<< BackYour Words Here: What it is to be a First Generation College Student
I’ve known that I wanted to attend college since I was in the eighth grade. If you had asked me then where I saw myself going, it would not have been Columbia, but Augustana College in Rock Island, Illinois, the school my grandmother attended for a short time and the school my dad dropped out of. I wanted to study English and journalism and I thought it was the perfect location and school for me to do that. When I visited the school again during my junior year of high school, I left feeling disappointed, similar to what I felt when I had visited St. Ambrose University in Davenport, Iowa, and Loyola University here in Chicago.

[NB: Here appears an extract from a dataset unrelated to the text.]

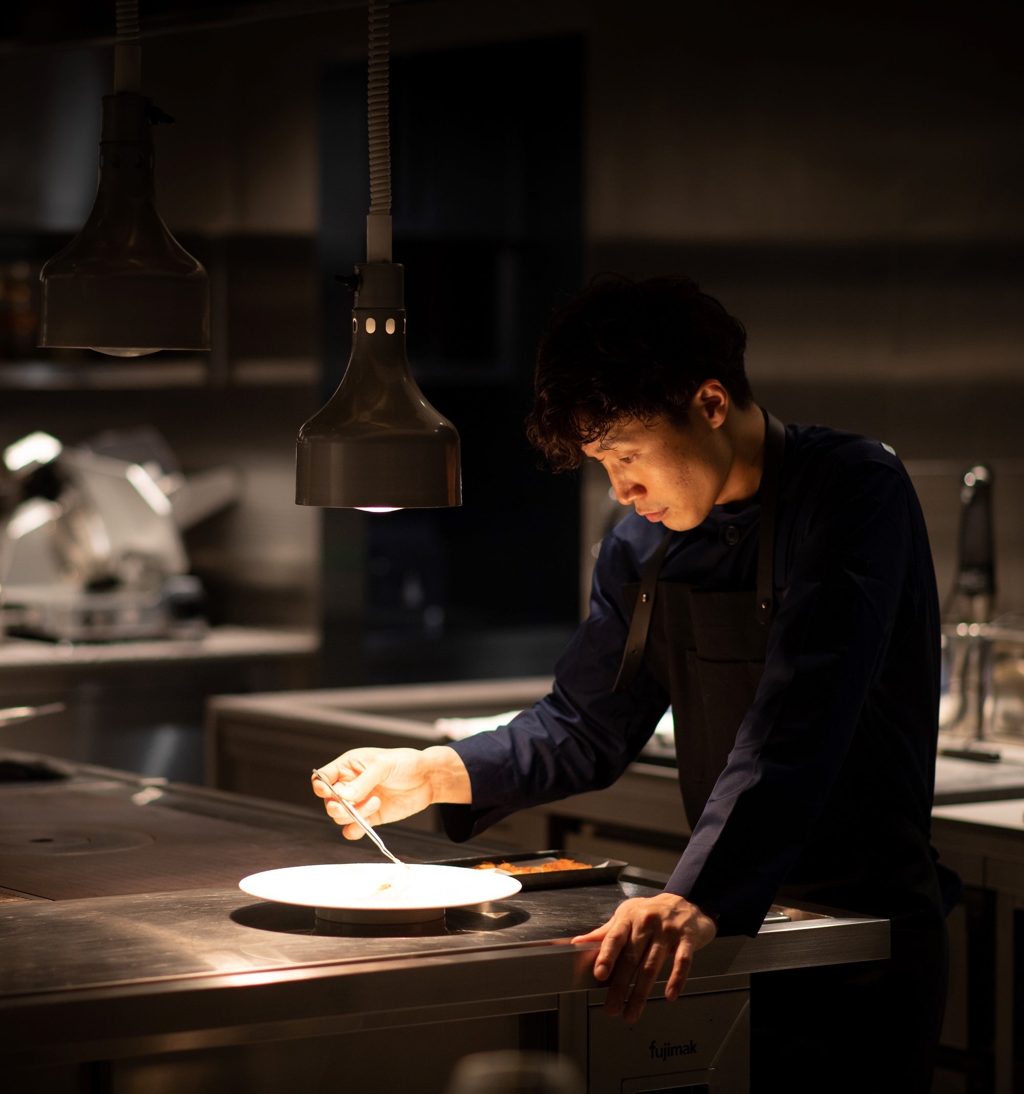 1985年、福岡県生まれ。半導体エンジニアから料理人へ転向。都内フレンチレスト ランを経て、2011年に渡仏し、ミシュラン二つ星「Passage 53」で研鑽を積む。 帰国後、食品製造からバルなどの飲食店まで食にまつわるさまざまな見識を広げ、2017年に再渡仏。世界各国のシェフやアーティストとのコラボレーション、イベントのフードオーガナイズを務める。帰国後、フリーランスの料理人として活動する傍ら2021年より、日本橋馬喰町「nôl」のディレクターに就任、同店をミシュラン一つ星へ導く。日本最大級の若手料理人コンペディションRED U-35にて3度にわたり準グランプリを受賞。新たな美味しさの創出をテーマに、食×医療、アート、AIなど垣根を越えて交わり多様な活動に取り組む。同店は3年連続で『ミシュランガイド東京』一つ星(現代風料理)を獲得し、2024年に初となるミシュラングリーンスターにも選出。

Initially, Loyola was going to be it - the school I would attend fall 2007. This was simply because it was the only school in the city I visited and I wanted to call Chicago home. I don’t exactly remember how I found out about Columbia, maybe my guidance counselor introduced me. But as soon as I looked into the school, I started having a better feeling about where I was going to continue my education. I scheduled a visit and as soon I entered the Alexandroff Building where we were to sign in, I felt at home. Chicago. Downtown, at the heart of things. Columbia. It was meant to be.

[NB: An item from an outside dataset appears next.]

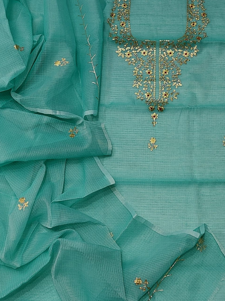 Kota Doriya Hand Pittan Work Dress Material. A Very Delicate Hand Pittan Work on Kurta and Duppata on Kota Doriya Materail. The Material is Hand Woven Cotton Kota Doriya Material. The Kurta and Duppata is SEA GREEN(RAMA) Color and the Bottom will be SEA GREEN(RAMA) Color.

Telling my mom that I was sure I wanted to go to Chicago was difficult. Not only was it that her little baby was growing up and becoming independent, but I wanted to continue to grow in what she considered a very unappealing environment - danger lurking around every corner, poor people harassing walkers-by, all around bad influences. When the day came that I was to move my belongings to my dorm-apartment, many tears were shed and hugs given. She was proud that I had made the decision to attend school and happy that I was following my dreams - things she was never able to do.
I feel that with each class I take, I am taking it for my mom, my dad, my sister, my niece, my entire family. I am not just going to school here at Columbia, living in the city, for me, but for them as well - they experience what I experience because I live to tell them about the time I took the wrong bus for 40 minutes, the time a beggar sang to me on the street, and the time this happened and the time that happened.
Time flies. I’m already a second semester sophomore. In two years, I’ll be graduating. Graduating with my family right at my side. I’ll smile at them from the stage with my diploma in my hand and think, This is for you, family, and this is for me. I have a feeling my mom will want to make copies of my diploma to send to extended family and friends to show that I made it through college, the first in the family.